I trained a TF/Keras model (UNet architecture) with a Tesla K40. When I use it with the Jetson Xavier (Jetpack 4.4.1), however, I get very different results, despite I don’t get any error message (the only “strange” message i get is: ‘ARM64 does not support NUMA - returning NUMA node zero’ - but no failure).
Jetson output is very strange - this is an example of the output array (or part of it):
JETSON:
[0.07289112]
[0.10021071]
[0.10021071]
[0.10021071]
[0.10021071]
[0.10021071]
[0.10021071]
[0.10021071]
[0.10021071]
[0.10021071]
[0.10021071]
[0.10021071]
[0.10021071]
[0.10021071]
[0.10021071]
(numbers change after a while, but not so many of them
while on TESLA:
[0.09022264]
[0.08399124]
[0.09759483]
[0.08107567]
[0.07902569]
[0.11560011]
[0.78396565]
[0.81917554]
[0.31143603]
[0.09954672]
[0.31214723]
[0.0928173 ]
[0.07590267]
[0.88202167]
[0.08934084]
Model was trained with TensorFlow 2.3.1 (tried also with TF 2.0)
I’m doing some more tests now, to check if I can find any fault in the code. I’ve been using this for months (always working properly) and only now I tested it on a Jetson AGX Xavier.
UPDATE: I tried to use PIL to open the .tif image and save it (instead of libtiff) but the results still don’t match (there are huge differences). Apparently, the problem seems to be using a model trained on a different architecture from Jetson.
UPDATE: if testing with a single image 128x128x26, everything works properly. It seems that dealing with a batch > 1 raises some sort of issue. I will try with a subsample. Can be this caused by a memory issue?
I did, but apparently is still stuck (from more than a hour) after:
2020-11-06 13:03:38.836944: I tensorflow/stream_executor/platform/default/dso_loader.cc:49] Successfully opened dynamic library libcublas.so.10
I tested the code with only two samples and runs properly. I strongly suspect a problem with memory (to me, it seems like overwriting results. Batch_size = 2 still works, I might investigate the maximum number of samples that do not cause any issue in the results, but it wouldn’t be very productive for my use case and knowing how i could actually solve this would be much better.
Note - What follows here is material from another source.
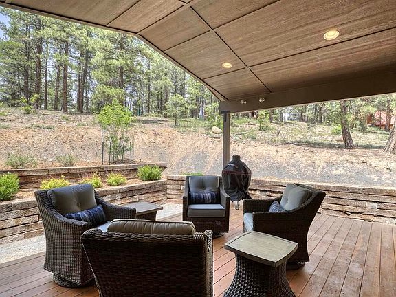 Luxury Packed Modern Mountain Beauty-Within site of Lake Pagosa and access to miles of Pagosa Springs Trails! Built in 2019 and even more gorgeous today...Sleek low maintenance single level design-1578 sf of heated living space with 3 bedrooms and 2 baths, Plus 2 car attached garage, covered entrance walkway, and vaulted lighted covered back deck. The airy gourmet chefs kitchen with eat-in oversized granite topped island, stainless appliances, pantry, quartz stack stone fireplace and additional dining are all perfectly placed beneath the vaulted ceiling of the great room. Retreat to your private haven with large walk in closet, and spa bath with solid granite topped double sink vanity and frameless glass walk in shower. Seamless access to the private covered deck oasis lined with beautiful flower beds and tucked amidst the Ponderosas can be found through both the primary suite and great room. Two spacious guest rooms and full bath are optimally situated to ensure quiet solitude for all. Rich upgrades and more upgrades! Solid knotty alders doors, granite countertops throughout, lush landscape with Aspens, Navien tankless hot water heater, solid redwood decks, oversized single basin kitchen sink... This lovely property is walking and biking to everything uptown without ever getting on a main road and has all central utilities including natural gas. As an owner in the PLPOA you have access to the staffed recreational center, club house, fish stocked non motorized lakes and forest gates. Pagosa's world renowned Hot Springs, Wolf Creek Ski Area and multiple restaurants, shops and cafes are only moments away. A superior quality offering at this price point! Call to schedule your showing.
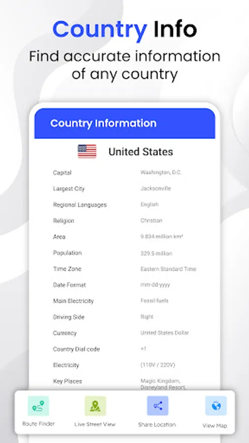 GPS navigation route finder app allows you to find the countries information like country capital, population, language, area, borders, currency, and call code.

gpus = tf.config.experimental.list_physical_devices('GPU')
# Currently, memory growth needs to be the same across GPUs
for gpu in gpus:
tf.config.experimental.set_virtual_device_configuration(gpus[0], [tf.config.experimental.VirtualDeviceConfiguration(memory_limit=4096)])
but the results don’t change. I’m also running a cuda memcheck with this option set, but it’s stuck as always.
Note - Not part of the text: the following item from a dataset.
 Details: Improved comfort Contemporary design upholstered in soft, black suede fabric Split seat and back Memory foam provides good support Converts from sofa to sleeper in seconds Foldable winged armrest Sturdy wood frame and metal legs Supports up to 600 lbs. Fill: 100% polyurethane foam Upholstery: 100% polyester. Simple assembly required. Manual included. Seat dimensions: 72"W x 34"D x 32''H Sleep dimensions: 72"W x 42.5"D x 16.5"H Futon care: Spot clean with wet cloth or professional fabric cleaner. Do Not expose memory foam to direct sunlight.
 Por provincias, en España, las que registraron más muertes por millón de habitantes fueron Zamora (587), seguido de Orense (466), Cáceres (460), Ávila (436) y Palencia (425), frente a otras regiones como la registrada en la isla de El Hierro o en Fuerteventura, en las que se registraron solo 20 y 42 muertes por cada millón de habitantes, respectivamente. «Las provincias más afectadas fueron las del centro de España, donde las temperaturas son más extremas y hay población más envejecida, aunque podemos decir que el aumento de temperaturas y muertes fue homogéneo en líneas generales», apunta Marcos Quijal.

EDIT: I tried all the possible solution that came to my mind. At the end, what I noticed is that if I set the batch_size in the model.predict() method to 3 or less, results are correct. An alternative is to select only 3 (or less) inputs, instead of the entire collection, without setting the batch_size (which in model.predict() is 32 by defaults). Apparently, it seems that when performing inference on more than 3 samples at the same time TF fails and gives wrong results… Any idea/suggestion? cuda-memcheck got stuck 4 hours without giving any result…
about the first, I’m pretty sure I already did it and memory was not full. In any case, I already set the VirtualDeviceConfiguration memory limit to 4096 (also tried with lower values, but nothing changes).
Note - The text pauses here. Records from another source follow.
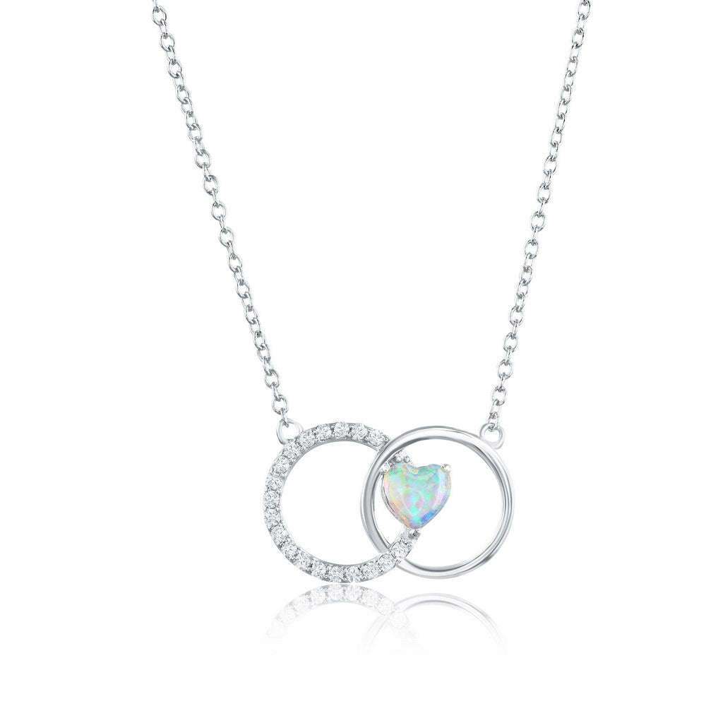 Sterling Silver, Opal Heart, Polished & CZ Circle Necklace
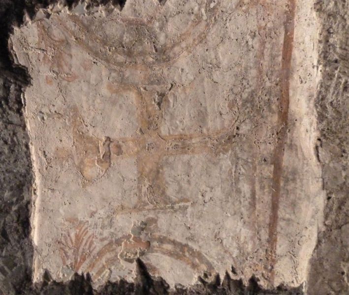 Durante la rimozione dell’interro sono stati scoperti il livello dell’accesso originario e la parte inferiore delle figure a destra di questo. Inoltre si sono recuperati numerosi frammenti di intonaco dipinto provenienti dalla volta e dalle pareti, che sono attualmente in fase di pulitura nei locali-deposito della Soprintendenza annessi al Museo Civico Archeologico “Rodolfo Lanciani” di Montecelio.
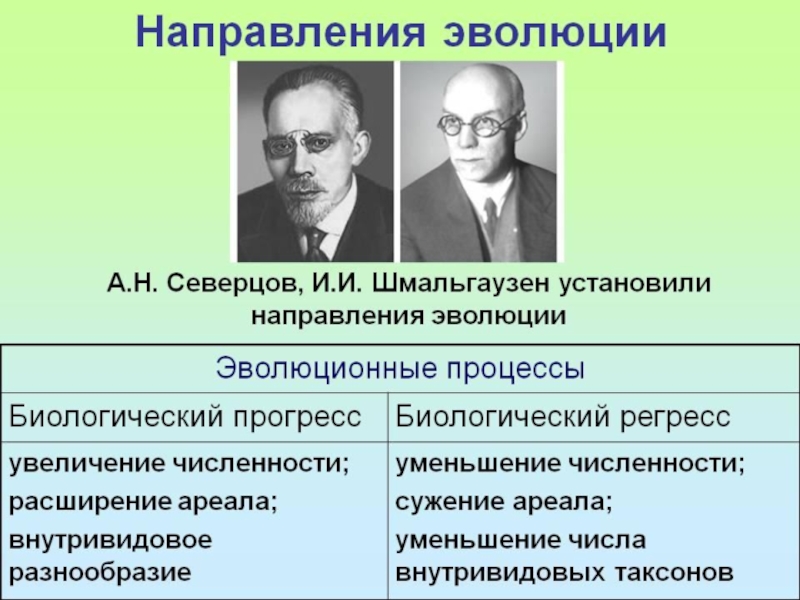 1. Главные направления органической эволюции: биологический прогресс и биологический регресс.
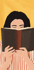 Un'illustrazione calda e invitante di una donna profondamente assorta in un libro, su uno sfondo giallo intenso. La camicia a righe e i toni della terra aggiungono un fascino accogliente e moderno, perfetto per angoli lettura, biblioteche o qualsiasi spazio che celebra la gioia dei libri.
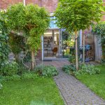 De ruimte ademt rust uit en is v.v. van de lichte houten massieve eiken vloer en moderne haard die zowel sfeer als warmte brengt. De grote glazen pui opent naar de zonnige, fraai aangelegde tuin, een privé-oase met groen, terras en volop zonlicht en achterom.
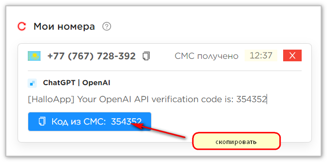 8. Вернитесь в личный кабинет onlinesim и скопируйте SMS, который отобразится под купленным номером телефона.
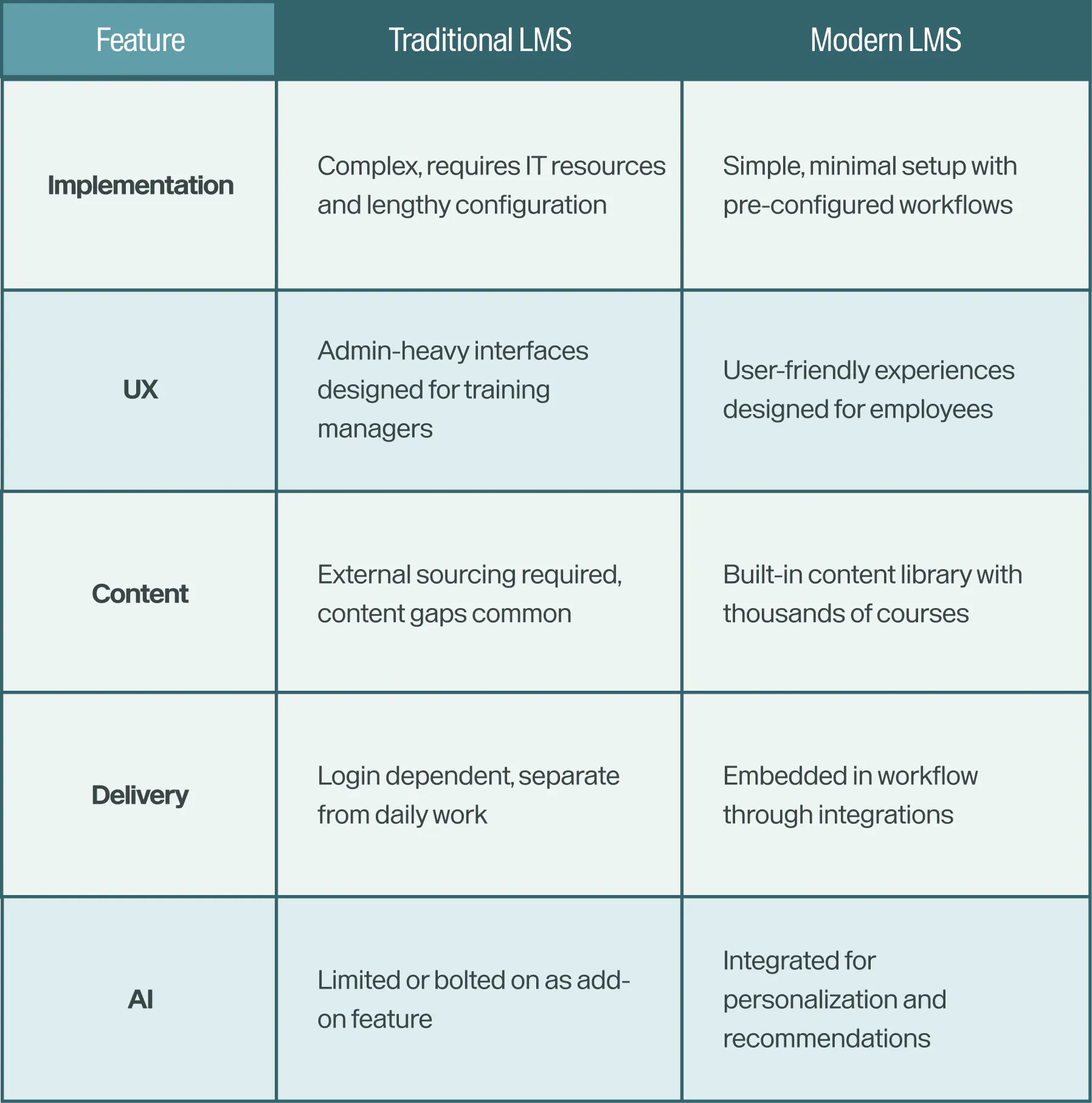 Traditional systems were built to manage and track training compliance. Modern systems are built to drive adoption and skill development. The difference shows up in implementation speed, user experience, content availability, delivery methods, and AI integration.
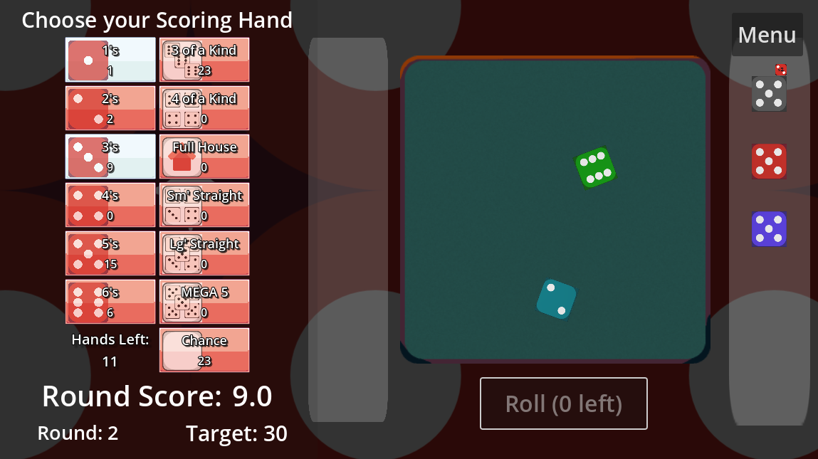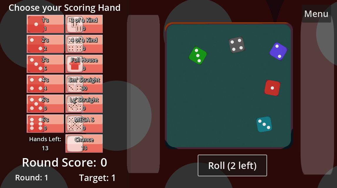 Roll dice, score hands, take modifiers and see how high you can take your score!
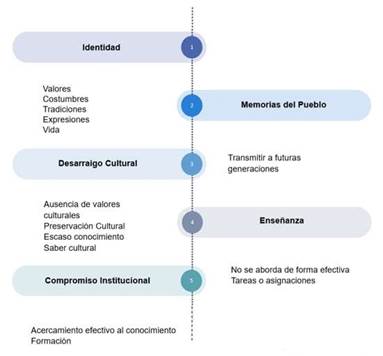 A continuación, en el gráfico 1 se muestran las cinco (5) categorías emergentes: identidad, memorias del pueblo, desarraigo cultural, enseñanza y compromiso institucional, de las cuales se desprendieron trece (13) subcategorías deducidas de la información aportada por los informantes.
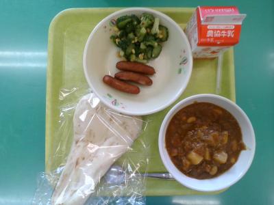 今日はナンにキーマカレーをのせて食べる、ナンカレーです。ナンが6年生のリクエストメニューです。
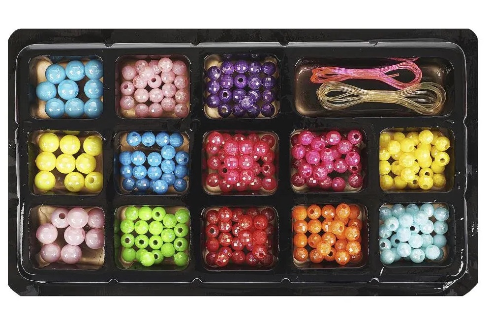 Вашу принцессу непременно увлечет этот красочный набор для создания стильных украшений. В наборе уже есть все необходимое, включая инструкцию, чтобы создавать самые красивые браслеты, бусы и кольца, которые подойдут к любому наряду. Бусины сделаны из безопасного пластика.
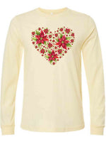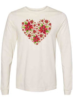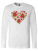 Christmas Long Sleeve Tee, Pretty Christmas Poinsettias in Heart Design on premium unisex long sleeve tee, 3x plus size long sleeve

These are the latest updates:
TF results match when using UNet if I set batch_size=1 in “model.predict()”
TF results match at 98% (2 wrong results out of 42) when using a CNN (that only classifies the pair) if I set batch_size=1 in “model.predict()”
TF-TRT results match if using FP32 or FP16 mode.
To me, it seems something buggy with TF on Jetson, but I might be wrong.